China’s largess in Africa isn’t free
By Lydia Polgreen and Howard W. French Published: August 20, 2007
KABWE, Zambia: The courtyard in front of the Zambia China Mulungushi Textiles factory is so quiet, even at midday, that the fluttering of the ragged Chinese and Zambian flags is the only sound hanging in the air.
The factory used to roar. Since the day it opened more than 20 years ago, the vast compound shuddered to the whir of rollers and the clatter of mechanical weaving machines spooling out millions of yards of brightly colored African cloth.
Today, only the cotton gin still runs, with the company’s Chinese managers buying raw cotton for export to China’s humming textile industry. Nobody can say when or even if the factory here will reopen.
"We are back where we started," Wilfred Collins Wonani, who leads the Chamber of Commerce here, said, sighing at the loss of one of the city’s biggest employers. "Sending raw materials out, bringing cheap manufactured goods in. This isn’t progress. It is colonialism."
Chinese officials and their African allies like to call their growing relationship a win-win proposition, a rising tide that lifts all boats in China’s ever-widening sea of influence. This year, China pledged $20 billion to finance trade and infrastructure across the continent over the next three years. In Zambia alone, China plans to invest $800 million in the next few years.
From South Africa’s manganese mines to Niger’s uranium pits, from Sudan’s oil fields to Congo’s cobalt mines, China’s hunger for resources has been a shot in the arm, increasing revenue and helping push some of the poorest countries on earth further up the ladder of development.

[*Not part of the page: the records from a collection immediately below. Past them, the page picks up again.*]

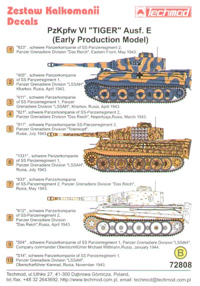 Techmod - TM72808 - 1:72 | Pz.Kpfw.VI Tiger Ausf.E Early Production Model 10 different camouflage schemes scheme variations using Panzer Grey RAL7021/Dunkelgelb/Braun RAL8000/Olivegrun RAL6003 operating in Russia 1943 Camouflage & markings versions "823″, sPzKp of SS-PzRgt.2, Panzer Grenadier Division "Das Reich", Eastern Front, May 1943 "405″, sPzKp of SS-PzRgt.1, Panzer Grenadier Division "LSSAH", Kharkov, Russia, April 1943 "411″, sPzKp of SS-PzRgt.1, Panzer Grenadier Division "LSSAH", Kharkov, Russia, April 1943 "821″, sPzKp of SS-PzRgt.2, Panzer Grenadier Division "Das Reich", Nepartyaja, Russia, March 1943 "911″, sPzKp of SS-PzRgt.3, Panzer Grenadier Division "Totenkopf", Russia, July 1943 "1331″, sPzKp of SS-PzRgt.1, Panzer Grenadier Division "LSSAH", Russia, July 1943 "833″, sPzKp of SS-PzRgt.2, Panzer Grenadier Division "Das Reich", Russia, May 1943 "812″, sPzKp of SS-PzRgt.2, Panzer Grenadier Division "Das Reich", Russia, April 1943 "S04″, sPzKp of SS-PzRgt.1, Panzer Grenadier Division "LSSAH", Obersturmfƒ¼hrer Michael Wittmann, Russia, January 1944 "S14″, sPzKp of SS-PzRgt.1, Panzer Grenadier Division "LSSAH", Oberscharfƒ¼hrer Kamrad, Russia, November 1943 More | Aircraft decals (military) | Catalogue | £5.40 | ||
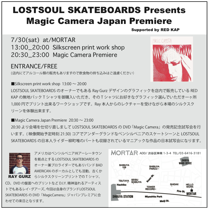 Lostsoul Skateboardsの新作DVD『Magic Camera』のジャパンプレミアに合わせ、同ブランドのオーナーであるレイ・ガーズが手掛けるグラフィックをチョイスし、Mortarで販売しているRed Kapの無地Tシャツにプリントするというワークショップが開催。
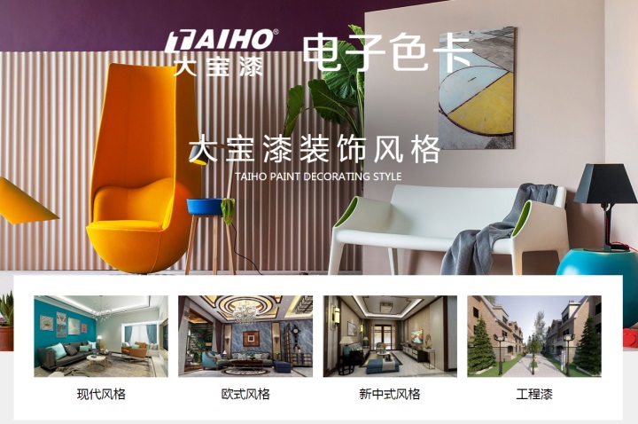 大寶漆在線配色電子色卡體驗系統,主頁風格模塊包括現代風格、歐式風格、新中式風格、工程漆,在這里你可以根據居家戶型、裝修風格、個人喜好選擇色彩、產品,隨心組合搭配,就能立即看見“實裝效果”,全方位滿足消費者不同程度的色彩和涂裝服務需求。
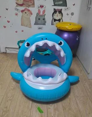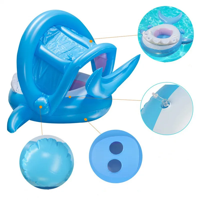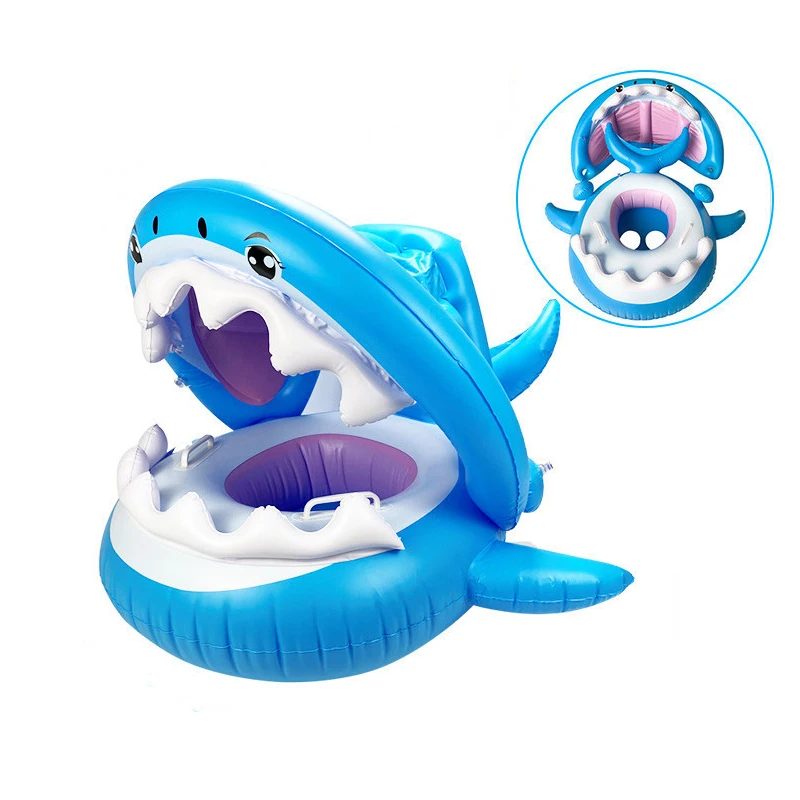 Плавательное кольцо в виде акулы, Надувное плавающее кольцо из ПВХ с тентом от солнца, детский плавательный бассейн для детей, пляжные аксессуары
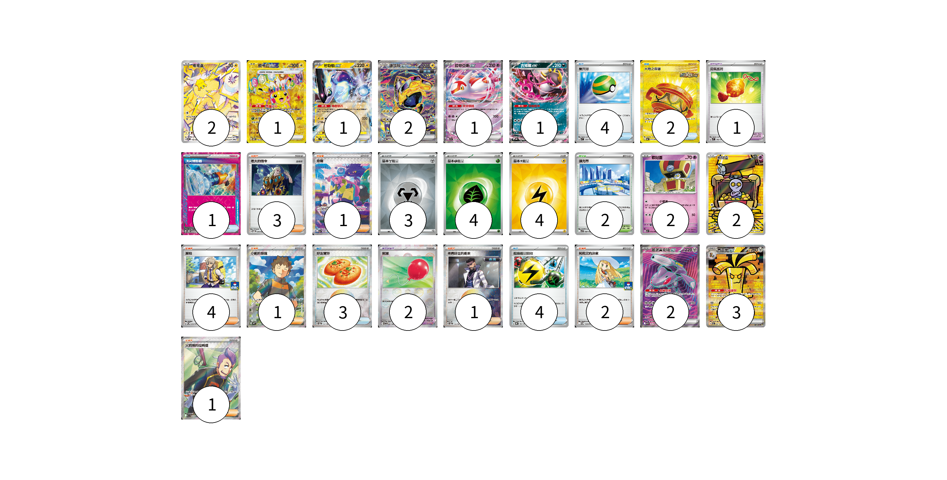 牌組構築方案 以此牌組為基礎新構築牌組 顯示卡面 顯示列表 寶可夢卡(17) 2 1 1 2 1 1 2 2 2 3 寶可夢道具(3) 1 2 物品卡(14) 4 2 1 3 4 支援者卡(13) 3 1 4 1 1 2 1 競技場卡(2) 2 能量卡(11) 3 4 4 寶可夢卡(17) 卡牌名稱 張數 卡牌名稱 張數 電電蟲 SV7 108/102 02 皮卡丘ex SV8 136/106 01 密勒頓ex SV1V 037/078 01 鐵臂膀ex SV8a 210/187 02 拉帝亞斯ex SV7a 019/064 01 吉雉雞ex SV8a 104/187 01 索財靈 SV7a 024/064 02 索財靈 SV3a 068/062 02 蓋諾賽克特ex SV11B 164/086 02 賽富豪ex SV3a 087/062 03 寶可夢道具(3) 卡牌名稱 張數 卡牌名稱 張數 勇氣護符 SVM 142/175 01 氣球 SV11B 082/086 02 物品卡(14) 卡牌名稱 張數 卡牌名稱 張數 巢穴球 SVM 133/175 04 大地之容器 SV6a 093/064 02 頂尖捕捉器 SV5M 062/071 01 好友寶芬 SV8a 147/187 03 超級能量回收 SV8a 141/187 04 支援者卡(13) 卡牌名稱 張數 卡牌名稱 張數 老大的指令 SVOD 019/020 03 奇樹 SV4a 350/190 01 派帕 SV-P 213/SV-P 04 小剛的發掘 SV9 123/100 01 弗圖博士的劇本 SV8a 175/187 01 莉莉艾的決意 M-P 018/M-P 02 火箭隊的拉姆達 SV10 122/098 01 競技場卡(2) 卡牌名稱 張數 卡牌名稱 張數 釀光市 SV9 098/100 02 能量卡(11) 卡牌名稱 張數 卡牌名稱 張數 基本【鋼】能量 SVOD MET 03 基本【草】能量 SVM GRA 04 基本【雷】能量 SVM LIG 04 以此牌組為基礎新構築牌組 牌組編碼 Swkrkx-hSWLMr-HqDyHf copy 列印牌組單 牌組編碼已複製 分享至SNS
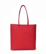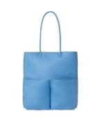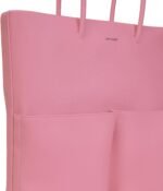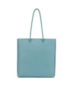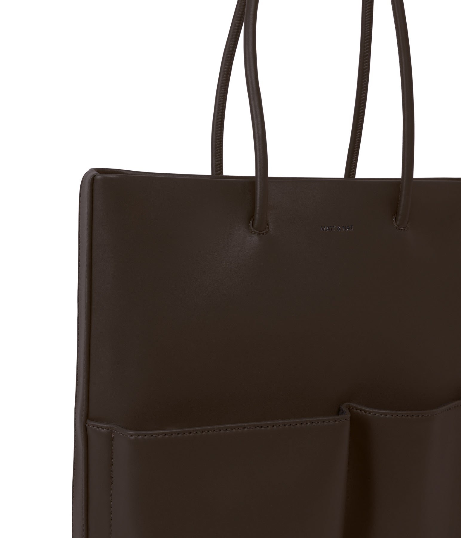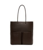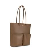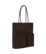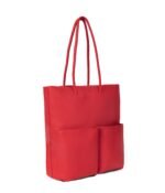 Tote with skinny tubular handles. main compartment with zip closure. 1 front pocket with zip closure and 1 front pocket with magnetic snap closure.
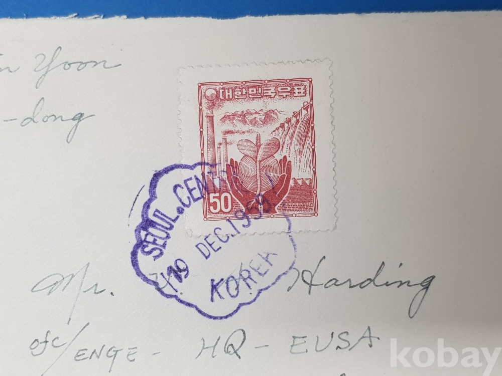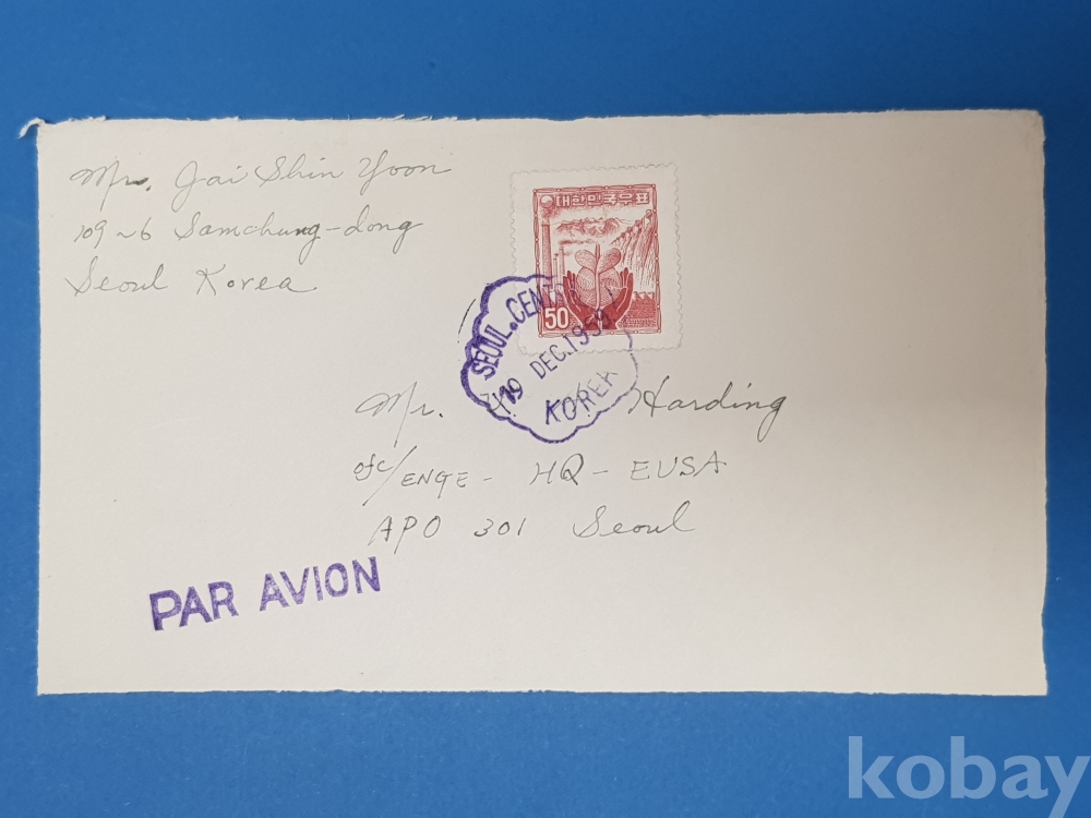 **** [엔타컷트] 산업도안보통 50환 단첩 APO 301 SEOUL 실체/서울중앙,19.DEC.1959 무궁화 외체인/PAR AVION 고무인/봉투 앞면만 있음
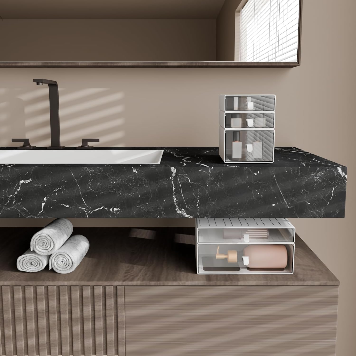 - Various Sizes: The set comes with 5 storage drawers in 4 distinct sizes. includes: 7.1*5.6*1.9 inches (2 pcs), 7.1*5.6*3.7 inches (1 pcs), 7.1*11.1*1.9 inches (1 pcs), 7.1*11.1*3.7 inches (1 pcs). This variety allows for customized storage, Fits on most dressers, desk, bathroom vanity desks, and counter tops.
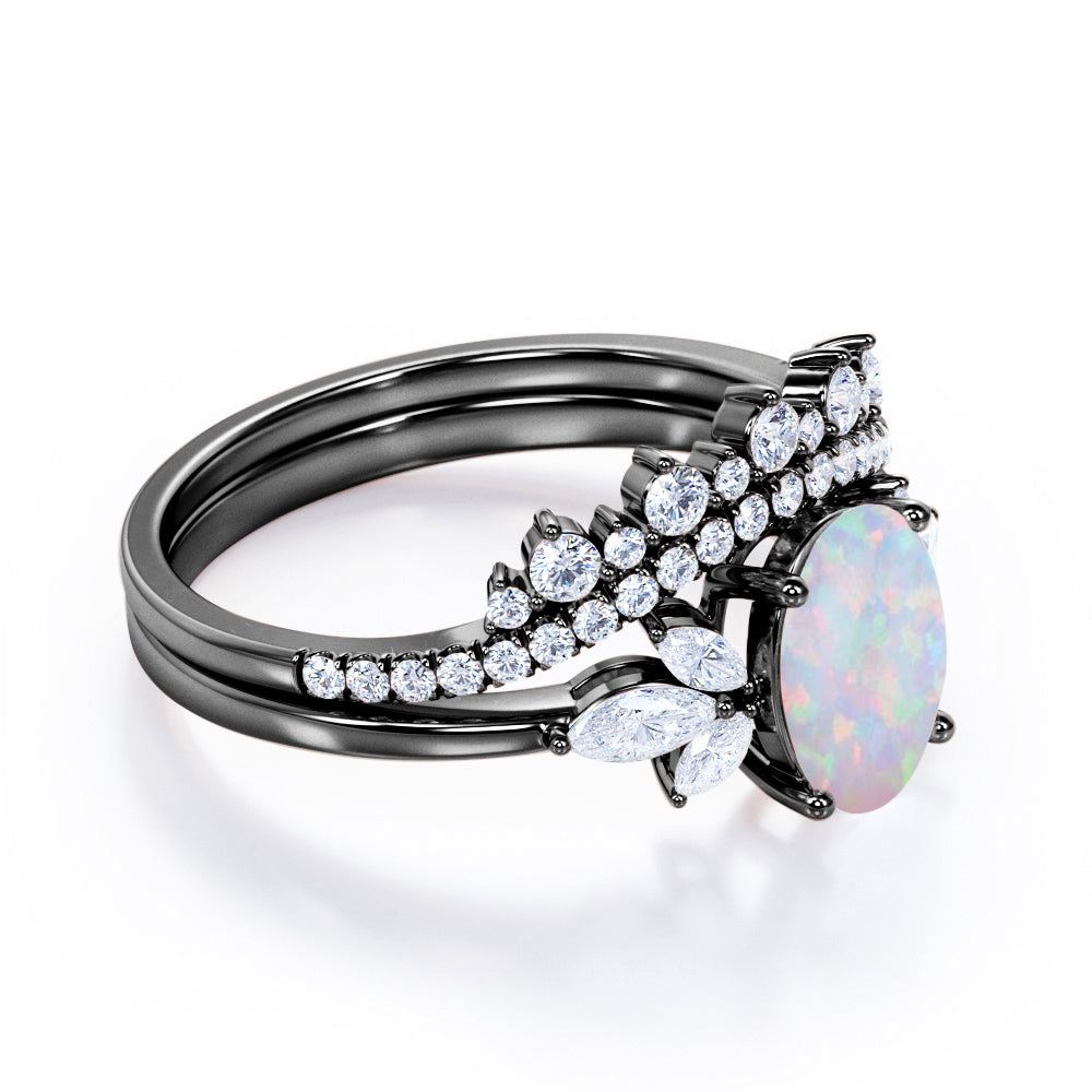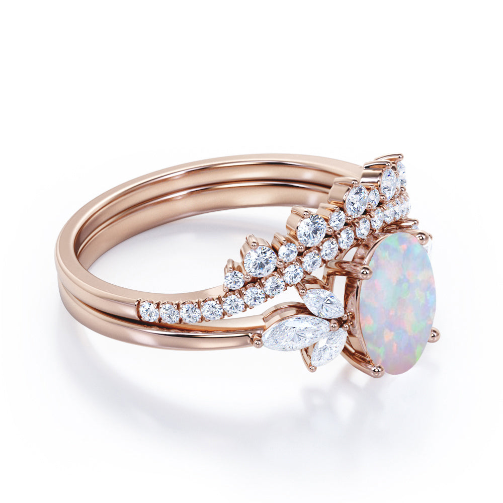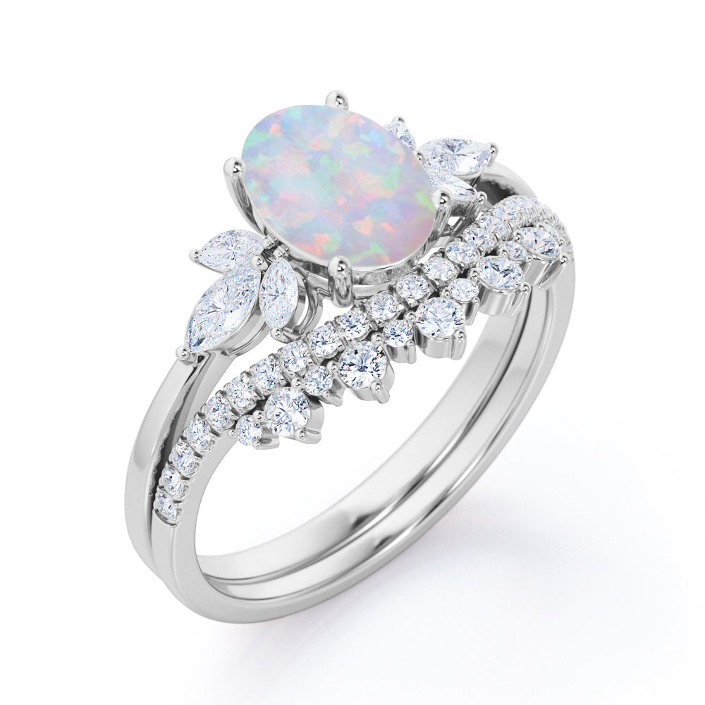 Seven Stone 1.75 Carat Oval Cut Genuine Lab Created Opal And Diamond Leaf Décor Pave Bridal Set In White Gold. Make an impact with this Lab Created Opal and diamond engagement ring that demands attention. A striking oval cut Lab Created Opal center stone diamond is framed by six marquise cut white diamonds on either side. This seven stone wedding ring set features an engagement ring with 1.30 carat Lab Created Opal and 0.45 carat white diamonds inclusive of the matching wedding band. Pave set diamonds sparkle on the white gold band. The four prong holds the solitaire Lab Created Opal stone on a basket setting letting it to shine on its own and the leaf like decor adds just extra elegance to this bridal set. Since all our rings are handmade by our experienced artisans with love and care, this seven stone 1.75 carat oval cut genuine Lab Created Opal and diamond leaf decor pave bridal set in white gold can also be customized to 18k Gold plating over silver, 10k Gold or 14k Gold as you prefer.
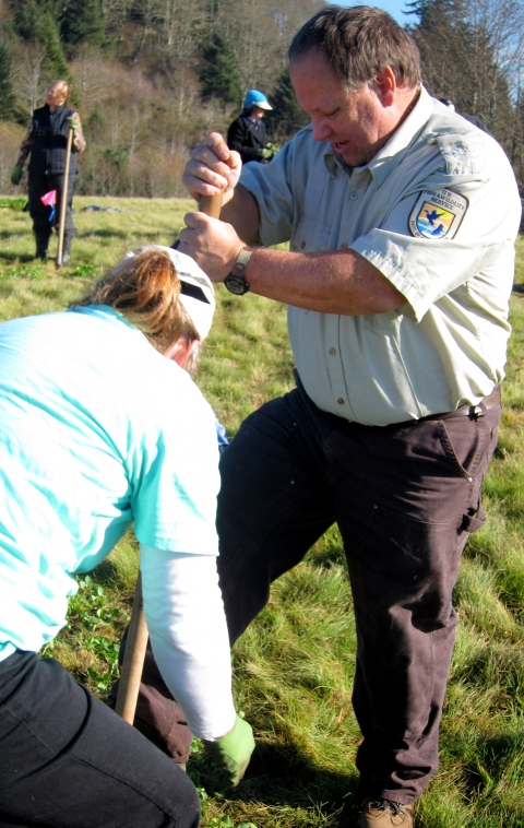 USFWS Portland-based staff and partners from the Institute for Applied Ecology partnered with Nestucca Bay National Wildlife Refuge to plant early blue violets and pearly everlasting flowers on the refuge's Cannery Hill unit. These flower are native to the refuge's coastal prairie habitat. The project is part of a joint effort to aid in the recovery of the Oregon silverspot butterfly, a Federally threatened species. USFWS maintenance specialist, Peter Martin, digs into his role as the "dibbler." Volunteers split off into groups of three to make their way through the 4,200 early blue violet plugs that would reach that day.
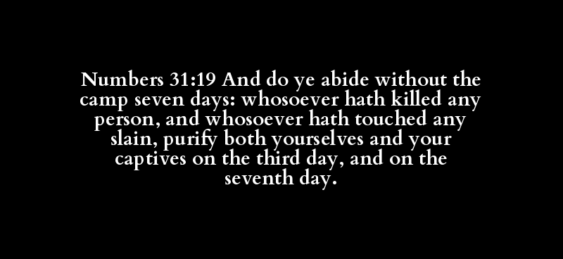 Numbers 31:19 And do ye abide without the camp seven days: whosoever hath killed any person, and whosoever hath touched any slain, purify both yourselves and your captives on the third day, and on the seventh day.

But China is also exporting huge volumes of finished, manufactured goods to those same countries, from T-shirts to flashlights, radios to socks, hampering Africa’s ability to make its own products and develop healthy, diverse economies.
"Most of our countries have been independent for 35 to 50 years," said Moeletsi Mbeki, a South African entrepreneur and a political analyst. "Yet they have failed to develop manufacturing for a variety of reasons, and for the Chinese that’s a huge opportunity. We are a very important market for China."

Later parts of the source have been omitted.